# Why does that button do that...?



## Bryan (Aug 9, 2006)

I have a switch (momentary action) on my dash that, whilst pressed, cuts ALL the lights on the rear of my RV. Rear lights and marker lights. All other lights, sides and front, are unaffected.

Any idea why? (assuming it is not an electrical fault  )


----------



## gaspode (May 9, 2005)

I bought a van with a similar switch many years ago.
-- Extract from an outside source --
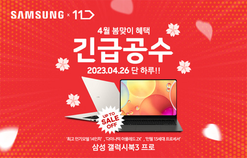 유니씨앤씨는 인텔 13세대 i5 프로세서와 고해상도 WQXGA+ AMOLED 디스플레이를 탑재한 삼성 갤럭시북3 프로 NT940XFT-A51A 대상으로 최대 34만원 중복 할인과 푸짐한 사은품이 증정되는 ‘긴급공수’ 프로모션을 2023년 4월 26일 단 하루 동안 11번가를 통하여 진행한다.
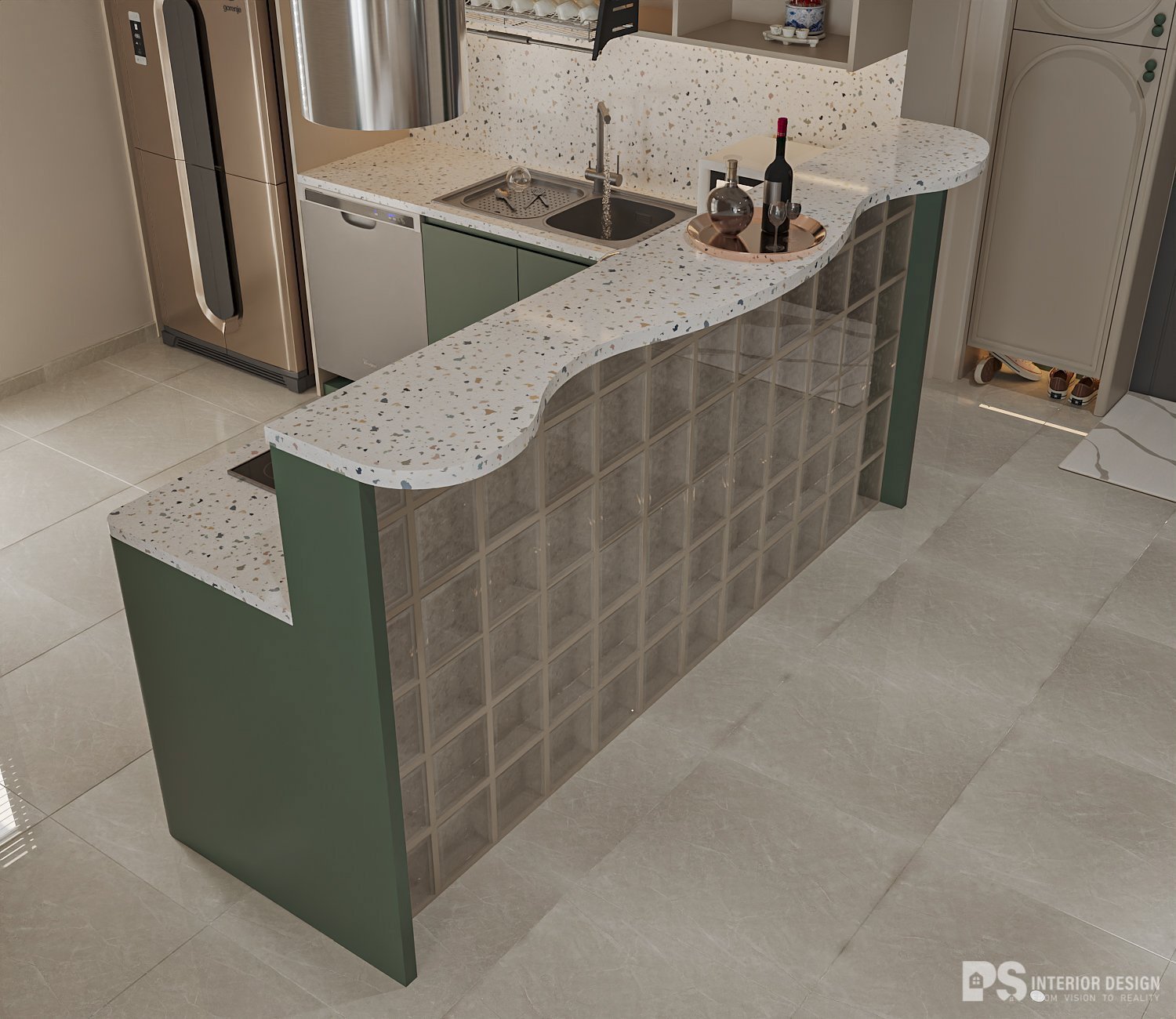 Bếp nhà với chất liệu gạch kính mang lại vẻ đẹp sạch sẽ, sáng sủa và thêm phần sang trọng cho không gian. Việc bố trí tủ đóng cho phòng bếp là sự sắp xếp gọn gàng, thông minh cho căn hộ hiện đại. Dáng hình bàn bếp uốn cong lạ mắt, nhẹ nhàng tựa như "lời yêu thương" dịu dàng, ấm cúng gia đình.

When I asked the seller what it was for he said that it was for when he was going home from the pub late at night down the country lanes he could cut the rear lights and confuse the police car that was chasing him. 8O 8O 8O 

I trust your switch has a much more sensible purpose. :lol:


----------



## 97770 (Feb 19, 2006)

Hi could it be for when you are let in to say thanks :? 
i cant see what else it would do :? :? or as you say an electrical fault..

FORDY


----------



## 88726 (May 9, 2005)

hi guys

maybe the tail lights interfere with the infra red on your reversing cameras at night ???????????


----------



## Bryan (Aug 9, 2006)

theflyingscot said:


> hi guys
> 
> maybe the tail lights interfere with the infra red on your reversing cameras at night ???????????


The switch is momentary action, so holding it in whilst reversing is probably a little awkward, even if it did affect the camera.

Saying thanks is possible, but there is a 'thumbs up' sign already fit for that purpose (which doesn't work anyway).

Hmm, I was hoping it was a common 'feature' but apparently not.

Anyone else know why it does that?


----------



## Scotjimland (May 23, 2005)

Hi 

I have two mom switches on the dash, one is for the truck horns on the roof which was disconnected for the MOT, the other is an Emergency Start switch which connects the house batteries to the starter battery via a relay. 
I suspect it's a wiring fault .. I can think of no other explanation.. :?


----------



## cabby (May 14, 2005)

Hi WebAgents, it has two objectives,one to confuse smokey, but mainly to signal "thanks" to the vehicle that has flashed you to let you back in, mainly truckers.


----------